Nawet długie życie człowieka jest tak krótkie w skali wszechświata, że można je porównać do jednej kropli w całym morzu. Bo czym jest życie człowieka, nawet to, które nazywamy długim? Długim nazywamy życie, które na tym świecie jest tak krótkie i przepełnione jękiem aż do sędziwej starości. Dlaczego jednak tak się ludzie za nim uganiają? Tyle starań, trudu, troski, czujności, pracy wkładają ludzie w to, żeby żyć tutaj długo i zestarzeć się. Czym jest długie życie, jeśli nie biegiem do kresu? Przeżyłeś dzień wczorajszy, chcesz jutra. Kiedy jednak przeminie jutro, będziesz miał o jeden dzień mniej. Pragniesz jutra, a w ten sposób zbliżasz się do tego dnia, którego nie chciałbyś doczekać. Zapraszasz przyjaciół na urodziny, przyjmujesz życzenia: „Obyś żył wiele lat!”, i pragniesz, aby się one spełniły. Czego ty pragniesz? Żeby przychodziły lata i lata, a nie chcesz, aby nastąpił koniec lat? Twoje pragnienia są w sobie sprzeczne: pragniesz iść, a nie pragniesz dojść.

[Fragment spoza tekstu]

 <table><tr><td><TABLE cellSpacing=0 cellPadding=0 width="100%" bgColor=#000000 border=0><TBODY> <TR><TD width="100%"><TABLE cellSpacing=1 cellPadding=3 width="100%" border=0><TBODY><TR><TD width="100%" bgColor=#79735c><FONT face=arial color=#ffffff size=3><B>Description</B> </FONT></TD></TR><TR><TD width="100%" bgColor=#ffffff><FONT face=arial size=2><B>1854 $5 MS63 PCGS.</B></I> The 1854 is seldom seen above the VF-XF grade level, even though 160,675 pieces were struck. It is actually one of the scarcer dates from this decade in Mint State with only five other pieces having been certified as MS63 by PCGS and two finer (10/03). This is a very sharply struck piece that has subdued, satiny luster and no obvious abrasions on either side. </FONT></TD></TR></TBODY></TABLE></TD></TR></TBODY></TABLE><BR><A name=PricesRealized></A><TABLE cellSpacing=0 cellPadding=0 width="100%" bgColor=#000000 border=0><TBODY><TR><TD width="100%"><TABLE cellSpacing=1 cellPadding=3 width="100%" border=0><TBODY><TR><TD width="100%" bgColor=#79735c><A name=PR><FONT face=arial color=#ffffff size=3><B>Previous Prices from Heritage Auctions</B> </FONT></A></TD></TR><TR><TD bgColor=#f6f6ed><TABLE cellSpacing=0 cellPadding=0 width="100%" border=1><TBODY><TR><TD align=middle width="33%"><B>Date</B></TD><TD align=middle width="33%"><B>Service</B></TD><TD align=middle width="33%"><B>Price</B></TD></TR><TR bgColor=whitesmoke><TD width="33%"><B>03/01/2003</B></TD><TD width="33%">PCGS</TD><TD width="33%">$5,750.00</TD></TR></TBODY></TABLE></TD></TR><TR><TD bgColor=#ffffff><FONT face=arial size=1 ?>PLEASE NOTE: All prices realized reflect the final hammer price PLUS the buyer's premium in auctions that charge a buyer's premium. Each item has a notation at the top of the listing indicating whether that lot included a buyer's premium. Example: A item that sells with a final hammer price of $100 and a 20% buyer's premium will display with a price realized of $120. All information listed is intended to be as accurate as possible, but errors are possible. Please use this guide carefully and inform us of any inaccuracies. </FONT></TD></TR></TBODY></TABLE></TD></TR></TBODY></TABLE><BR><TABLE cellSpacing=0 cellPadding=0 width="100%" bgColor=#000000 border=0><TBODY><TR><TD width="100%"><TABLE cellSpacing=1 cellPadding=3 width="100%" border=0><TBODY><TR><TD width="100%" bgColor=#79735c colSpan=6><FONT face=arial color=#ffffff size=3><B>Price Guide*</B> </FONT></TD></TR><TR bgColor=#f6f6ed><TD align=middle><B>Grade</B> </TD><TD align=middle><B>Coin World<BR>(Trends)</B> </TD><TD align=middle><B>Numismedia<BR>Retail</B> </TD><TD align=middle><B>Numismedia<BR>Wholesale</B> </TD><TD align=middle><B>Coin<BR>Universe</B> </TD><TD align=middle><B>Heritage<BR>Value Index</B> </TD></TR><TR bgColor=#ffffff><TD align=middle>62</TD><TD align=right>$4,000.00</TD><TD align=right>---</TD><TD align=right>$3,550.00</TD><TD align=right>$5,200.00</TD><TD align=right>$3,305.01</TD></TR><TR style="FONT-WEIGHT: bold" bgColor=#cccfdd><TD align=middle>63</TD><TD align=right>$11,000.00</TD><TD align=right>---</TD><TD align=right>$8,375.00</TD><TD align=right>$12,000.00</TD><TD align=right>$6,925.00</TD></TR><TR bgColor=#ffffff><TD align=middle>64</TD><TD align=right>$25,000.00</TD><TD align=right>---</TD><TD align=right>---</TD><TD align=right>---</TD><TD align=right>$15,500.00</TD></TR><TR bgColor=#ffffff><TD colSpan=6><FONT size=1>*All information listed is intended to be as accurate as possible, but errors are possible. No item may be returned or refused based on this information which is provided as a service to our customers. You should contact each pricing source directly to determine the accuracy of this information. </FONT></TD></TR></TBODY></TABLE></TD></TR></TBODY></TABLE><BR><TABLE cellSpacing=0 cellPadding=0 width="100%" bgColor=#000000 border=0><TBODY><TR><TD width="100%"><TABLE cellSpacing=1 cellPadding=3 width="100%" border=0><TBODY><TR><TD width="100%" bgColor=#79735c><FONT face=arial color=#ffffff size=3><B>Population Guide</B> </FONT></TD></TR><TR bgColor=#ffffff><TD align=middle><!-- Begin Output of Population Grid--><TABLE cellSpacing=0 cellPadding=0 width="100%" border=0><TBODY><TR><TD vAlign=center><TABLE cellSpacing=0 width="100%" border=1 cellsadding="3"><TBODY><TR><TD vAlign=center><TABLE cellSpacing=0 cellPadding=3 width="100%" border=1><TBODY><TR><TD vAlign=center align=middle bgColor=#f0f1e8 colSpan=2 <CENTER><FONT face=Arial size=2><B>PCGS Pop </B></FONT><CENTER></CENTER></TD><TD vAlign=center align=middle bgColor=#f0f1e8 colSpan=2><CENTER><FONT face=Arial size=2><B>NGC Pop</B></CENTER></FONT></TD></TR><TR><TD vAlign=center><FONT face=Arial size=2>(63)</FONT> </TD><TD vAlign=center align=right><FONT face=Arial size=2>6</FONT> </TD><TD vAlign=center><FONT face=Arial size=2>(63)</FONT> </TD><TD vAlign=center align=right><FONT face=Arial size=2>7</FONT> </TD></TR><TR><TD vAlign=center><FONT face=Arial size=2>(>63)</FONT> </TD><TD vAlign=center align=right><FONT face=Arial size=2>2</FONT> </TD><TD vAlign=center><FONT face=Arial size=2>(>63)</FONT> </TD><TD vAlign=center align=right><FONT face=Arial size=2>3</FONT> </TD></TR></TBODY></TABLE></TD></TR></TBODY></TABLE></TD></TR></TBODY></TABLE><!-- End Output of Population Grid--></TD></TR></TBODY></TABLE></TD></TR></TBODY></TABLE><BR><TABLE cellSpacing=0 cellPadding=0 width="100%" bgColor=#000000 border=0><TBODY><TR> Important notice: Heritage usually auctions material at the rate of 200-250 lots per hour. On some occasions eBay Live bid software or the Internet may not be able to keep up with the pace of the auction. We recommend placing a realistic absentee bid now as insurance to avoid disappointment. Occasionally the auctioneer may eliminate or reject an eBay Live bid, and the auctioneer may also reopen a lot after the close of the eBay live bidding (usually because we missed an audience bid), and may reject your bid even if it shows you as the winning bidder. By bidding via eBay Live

Ilekroć spotkamy orszak pogrzebowy, ile razy usłyszymy o czyimś zgonie, mówmy do siebie: mnie to samo jutro czeka.
zobacz więcej
Myślę, że dokładnie tak samo ukrywamy przed sobą śmierć duchową, jeśli do niej zmierzamy lub już teraz ją w sobie nosimy.

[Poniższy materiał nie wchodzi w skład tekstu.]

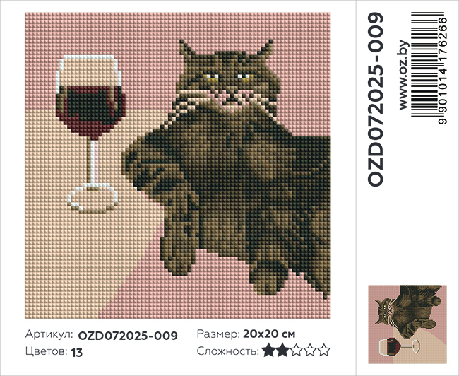 На холст с деревянным подрамником нанесена схема с отметками для выкладки стразов соответствующих цветов, а также нанесен специальный клеевой слой. Необходимо с помощью пластиковой ручки-стилуса захватить определенный страз и перенести на область, отмеченную под выбранный цвет. В наборе имеется все, что нужно для создания шедевра своими руками.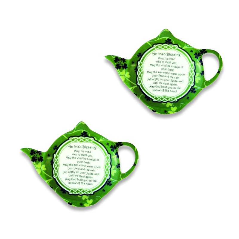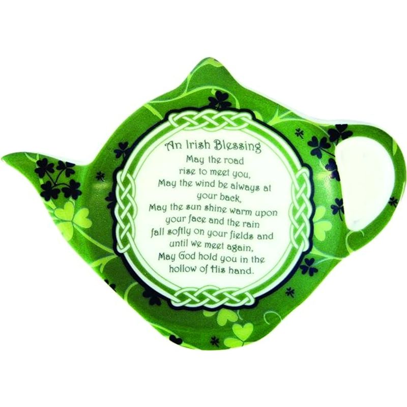 Bring a touch of the Emerald Isle into your everyday life with our Irish Blessing Bone China Tea Bag Holder! Adorned with the iconic shamrock, a symbol rich in Irish heritage, along with a heartfelt Irish blessing, this holder brings good fortune and charm to your tea time. Legend says St. Patrick used the shamrock to explain the Holy Trinity to the Irish.. The Irish blessing, often passed down through generations, wishes your loved ones good health, safety, and a prosperous path in life, carrying with it a message of positivity and divine protection. The design also features intricate Celtic knots, symbols of eternal life and the interconnectedness of all things.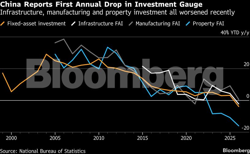 Η εγχώρια ζήτηση ήταν υποτονική πέρυσι, ειδικά αν εξαιρέσουμε τις επιπτώσεις των επιδοτήσεων της κυβέρνησης ύψους 300 δισεκατομμυρίων γουάν (43 δισεκατομμύρια δολάρια) για την αγορά καταναλωτικών αγαθών από τα νοικοκυριά. Οι επενδύσεις συρρικνώθηκαν τον Δεκέμβριο με τον ταχύτερο ρυθμό που παρατηρήθηκε πέρυσι, παρά τα μέτρια μέτρα τόνωσης που προστέθηκαν στα τέλη του 2025, σύμφωνα με την Ζακλίν Ρονγκ, επικεφαλής οικονομολόγο της BNP Paribas SA για την Κίνα.

Sam zobacz swoją głupotę i przewrotność. Powiadasz, że ważniejsze jest życie niż mieszkanie, a wolisz, żeby raczej twoje mieszkanie było dobre niż życie. Swoją łapczywością i złą pożądliwością urządziłeś sobie dobre mieszkanie, a ponieważ kradłeś, twoje życie stało się złe. Gdyby cię jednak zapytano, co wolisz utracić: dobre mieszkanie czy złe życie, gotów byłbyś raczej mieszkanie utracić. Dlaczego więc nie kochasz tak życia, żeby również ono było dobre, skoro nawet złe życie stawiasz ponad wszystkie swoje dobra? Pragniesz, aby ono było długie, choćby złe. Staraj się raczej o to, żeby było dobre, i nie lękaj się jego krótkości .
Ale co robić, Ojcze?
Człowiek śmiertelny nie chce umierać. A przecież musi pozostać śmiertelny, choćby ani na moment nie zaakceptował śmierci. Nic ci z tego nie przyjdzie, że nie chcesz umrzeć, niczego nie zdziałasz, niczego nie wymusisz. Nie potrafisz usunąć konieczności umierania. Przyjdzie to, czego się boisz, choć tego nie chcesz; nadejdzie to, co odsuwasz, choć się temu sprzeciwiasz. Wprawdzie udaje ci się odsunąć śmierć, ale czy uda ci się ją usunąć? Zatem jeśli miłośnicy tego życia tak zabiegają o to, żeby śmierć odsunąć, to o ileż bardziej nie trzeba żałować trudu, aby ją usunąć! Oczywiście, nie chcesz umrzeć. Zatem zmień miłość, a zobaczysz śmierć – nie tę, która przyjdzie, mimo że jej nie chcesz, ale tę, której, jeśli zechcesz, unikniesz
A jednak – i niewiele się na to poradzi – człowiek boi się śmierci.
Jeśli boisz się śmierci, ukochaj zmartwychwstanie. Żyjmy na tym świecie jak pielgrzymi. Pamiętajmy o tym, że przemijamy, a mniej będziemy grzeszyć. Raczej dziękujmy Panu Bogu naszemu za to, że ostatni dzień naszego życia nastąpi i niedługo, i nie wiadomo kiedy. Bardzo krótka jest odległość między wczesnym dzieciństwem i sędziwą starością. Gdyby Adam umarł dopiero dzisiaj, cóż by mu z tego przyszło, że żył tak długo? Czy jest długie to, co ma koniec? Nikt nie przywróci dnia wczorajszego, dzień jutrzejszy bardzo szybko przyjdzie i przeminie. Żyjmy dobrze na tym krótkim odcinku, abyśmy tam doszli, gdzie nie będziemy przemijać. Słowa ulatują i godziny mijają. I tak cały nasz wiek, wszystkie nasze czyny i dostojeństwa, i biedy, i doczesne szczęście. Wszystko przemija. Ale się nie lękajmy: Słowo Pana trwa na wieki.